Week of September 16, 2024

The market bounced back very nicely from the previous week’s losses, ahead of the big Federal Reserve announcement this week. By week’s end the S&P 500 had rallied 3.2%, the Dow added 1.9%, and the Nasdaq rebounded 4.9%.

September 19, 2024
Position Update – MSOS Expiration

Tomorrow the MSOS September 9 calls that we sold for $0.54 are very likely going to expire worthless. This is a good situation as we picked up another nice premium against our stock holding.

For now, my plan is to let that September call expire (you will not need to address the trade) and then wait until the stock rallies, or until option premiums get a bit more interesting, to sell. Essentially, I don’t want to sell the October 9 calls for $0.06, as that doesn’t move the needle in terms of lowering our cost basis.
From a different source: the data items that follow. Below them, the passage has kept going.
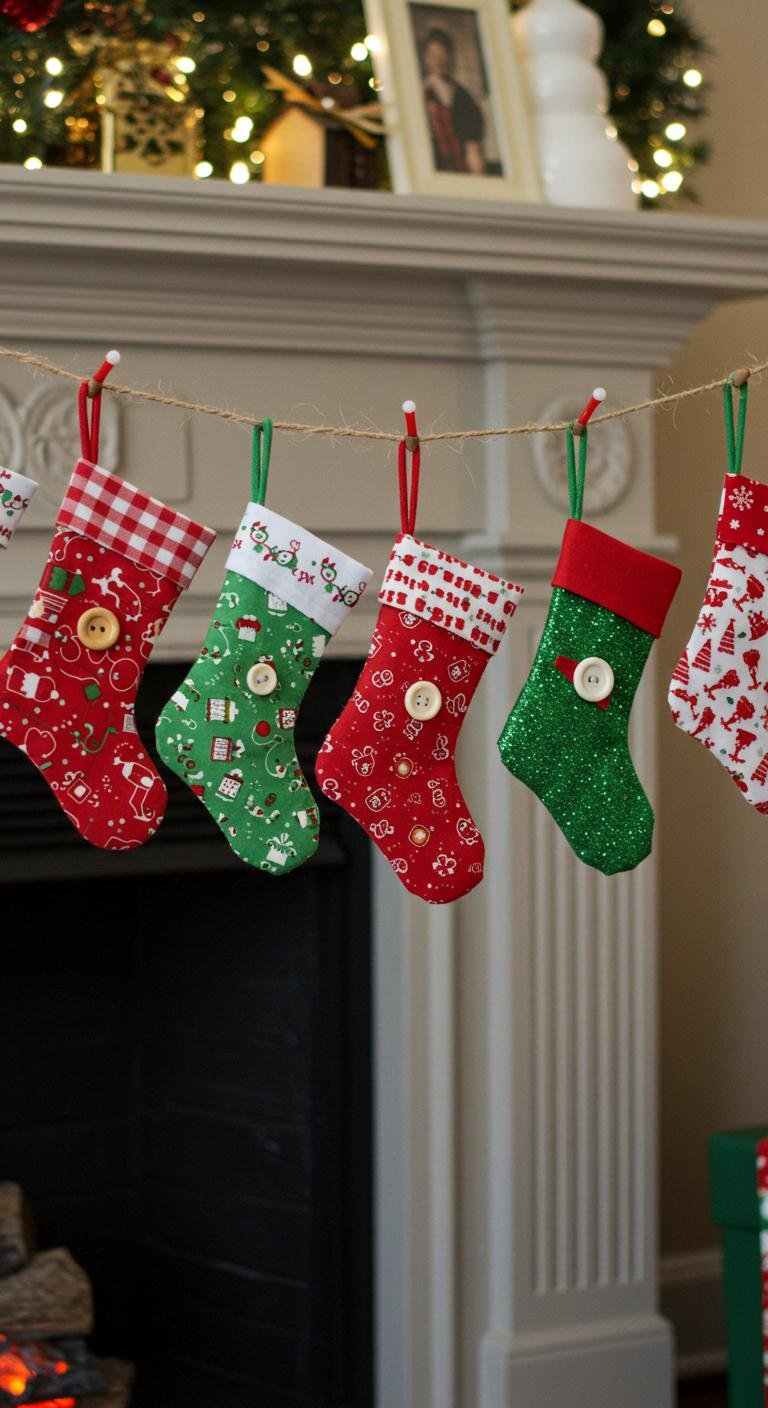 Create mini stocking designs using festive fabrics, and don’t hesitate to add some fun stocking embellishments like buttons or glitter.
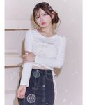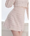 marie claire×EATME コラボコーデ 【トップス】 フロントとバックにキラキラしたロゴ入りで可愛いトップス。 サイドはリボンがあり、カジュアルになりすぎないガーリーなデザインです!スカートや、デニムなど幅広く着回ししやすいアイテムです! 【スカート】 インナーパンツ付きのミニスカート♡ ツイードが上品で可愛い♡台形シルエットで気になる腰周りもスッキリ見えします! 【シューズ】 バックリボンがついて可愛いシアーのブーツサンダル♡ヒールは太めなので安定感があって履きやすいです!
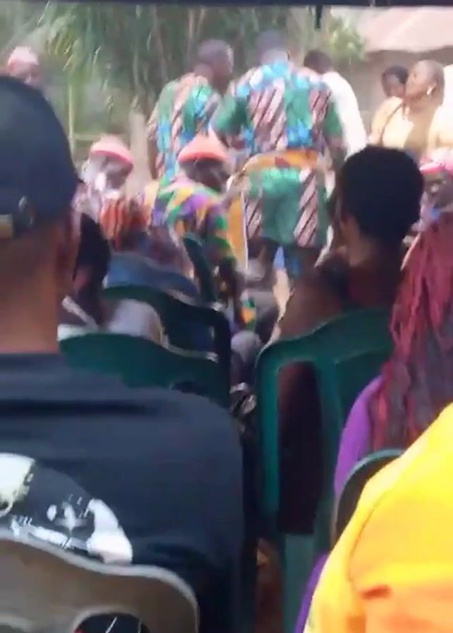 group of people gathered outdoors, seemingly at an event. Several men are seen wearing colorful, patterned outfits and traditional red caps, standing and walking around. Other people are seated on green plastic chairs, appearing to be watching the men. The environment looks like a yard or garden area with greenery visible in the background, possibly under a canopy or tent structure that provides shade. The video is shot from the perspective of someone sitting amongst the seated audience.
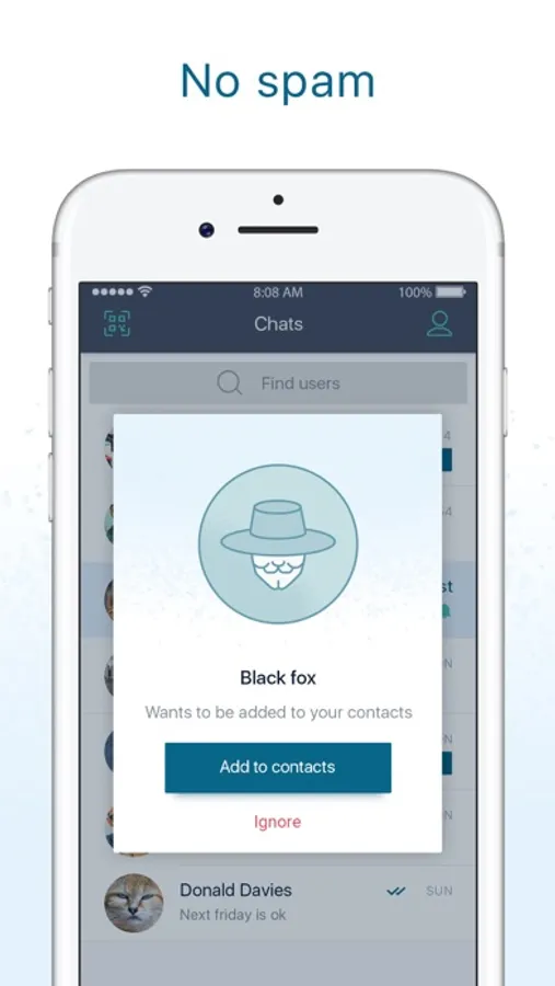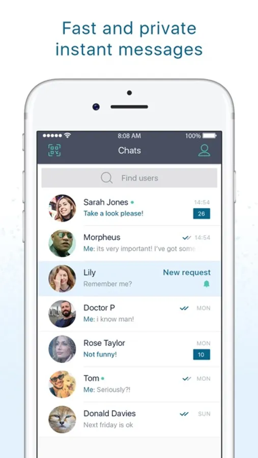 Just show your profile QR-code to your friends and start conversation in seconds. You are still able to choose a username, so other people could find you.

And while we won’t be selling a new call today/tomorrow, I will be “hunting” for a new call to sell as I don’t want to simply sit on the stock position for too long.

September 18, 2024
Scheduling Note, and Fed Expectations

Before I dive into the market’s expectations for the Fed announcement later today, I did want to note that I will be off the trading desk on Friday. What this means is there will not be a Daily Option Order Flow email Monday morning, and the Monday Weekly Review will be focused on our Open Positions.

Moving on …

This morning ahead of the “big” Fed event I expect trading will be VERY slow. After all, who wants to step in front of an oncoming bus? That being said, here is what we can infer from data in the bond and options markets …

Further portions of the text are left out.